A Victim Soul Must Have Compassion
Dom Hubert Van Zeller, OSB wrote about compassion in his reflections on the Stations of the Cross. Compassion relates well with the Fourth Station: Jesus meets His afflicted Mother.
A victim soul must have compassion. Compassion is a form of co-suffering, of suffering with the other, and the Other. It comes through personal effort, cooperation, and also by Divine Grace. One must ask for the gift of compassion. Love is necessary.
Compassion must exist interiorly before any genuine exterior acts of mercy can have legitimacy. "Compassion is...constant willingness to share in the suffering of others. It is yielding to another's cross as if it were one's own. It is making that other cross one's own" (Van Zeller, Approach to Calvary, pp. 35-36).
Outer signs or works of compassion prove that the virtue of compassion is there. They are not the virtue itself. The love of God must exist within in order for fruit of that love to grow and be given another. Love does not remain inoperative. Love operates from within to without.
The Virgin Mary expressed her interior love and compassion through suffering with her Son. Her suffering did not need to be outwardly expressed, although it was in her presence to Him. Jesus suffered with his mother, as she anguished in love at His suffering. They co-passionated. This is perfect love.
Perfect love assumes perfect compassion. "The presence of love assumes compassion just as the absence of love disproves it. The saints could enter sincerely into the trials of others not because they had themselves always experienced such trials but because they loved God. Their love of God made them see. They saw into the sufferings of others and immediately wanted to share the pain which they saw there" (ibid. pp. 36-7).

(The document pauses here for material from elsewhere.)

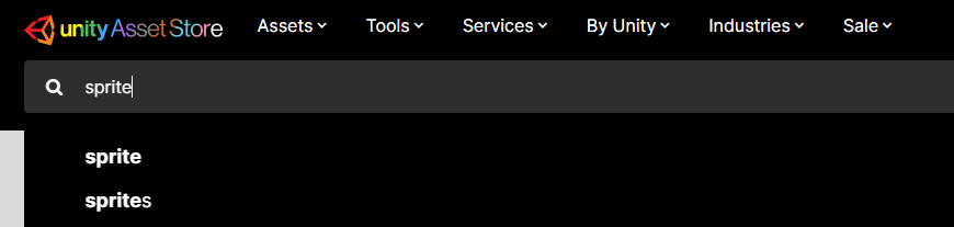 1. In the Asset store search tab, type “sprite” to search for available Sprite assets. All assets with the tag of “Sprite” appear.

Love must have God as its primary focus and object or compassion is mere emotion. Our understanding of others' sufferings is a gift of the Holy Spirit (gift of understanding) and thus a necessary aspect of charity.
Mary's compassion may have been less visible and thus not viewed outwardly. She interiorized the suffering she bore; she pondered these things in her heart. Yet the compassion was supernaturalized as a virtue in love, with feeling more than what we feel due to the perfect compassion through her great love of Christ.
Idle compassion is worse than no compassion at all. We may see suffering all around; we may ponder it; but if we do nothing--not even ponder the suffering--we fall into a "negation of virtue which is a frustration of grace." When compassion is shut out and not allowed to be pondered and acted upon interiorly or exteriorly, it turns evil. This opens up to cynical indifference, tendency to blame, intolerance, and preoccupation with one's own difficulties to the exclusion of seeing the larger problems of individuals and peoples, in general.
True compassion follows the natural order of charity which begins with Christ's Passion. Meditate on His Passion first, then "the soul with Mary and the saints, volunteers companionship." This is love to suffer, suffer to love, at its root and pinnacle. Surrender to love, and the grace of compassionate co-suffering will be supplied.
We must bring compassion to Christ, and this means to bring compassion to the Body of Christ in all Her members, whether or not we think they deserve it. Wherever there are humans with souls, there is suffering that Christ needs us to tend as wounds to bind. This includes our own sufferings. All must be met through and in love. Ponder, pray, suffer with, and love.
There are other aspects embedded within meditation of the Stations of the Cross which are invaluable for the life of a victim soul. Cooperation. Generosity. Dealing with discouragement.
I will write on all these in greater detail. Today I am quite weary with suffering physically. Yes, I have offered the achiness to Jesus for His use for whatever souls out there, including my own.
The Masses thus far this morning have been beyond description in their mysterious truth, beauty, peace, love, and life. My comfortable existence in this earth realm is something I hope and pray not to take for granted. What physical pain and even spiritual pain that I am given is balanced by warmth, clothing, shelter, food and a good useless daily schedule of spiritual invigoration. The spiritual pain is assuaged by Masses. And prayer, spiritual reading, fellow pilgrims on the journey, and the Bread of Life and Love of the Most Holy Trinity, the angels and the saints, especially the Mother of all of us, Mary, Most Holy.
Off to noon Mass at the Cathedral. The Bishop is going to celebrate this Mass in commemoration of the year anniversary of the death of Pope John Paul II. I have saved my second reception of Eucharist of this day, for this Mass. May Jesus feed my body, mind, heart and spirit as He wills, through His Body and Blood. May my ears be unstopped and my eyes be openened, interiorly, through the Word and Sacrifice of the Altar, in the Mass.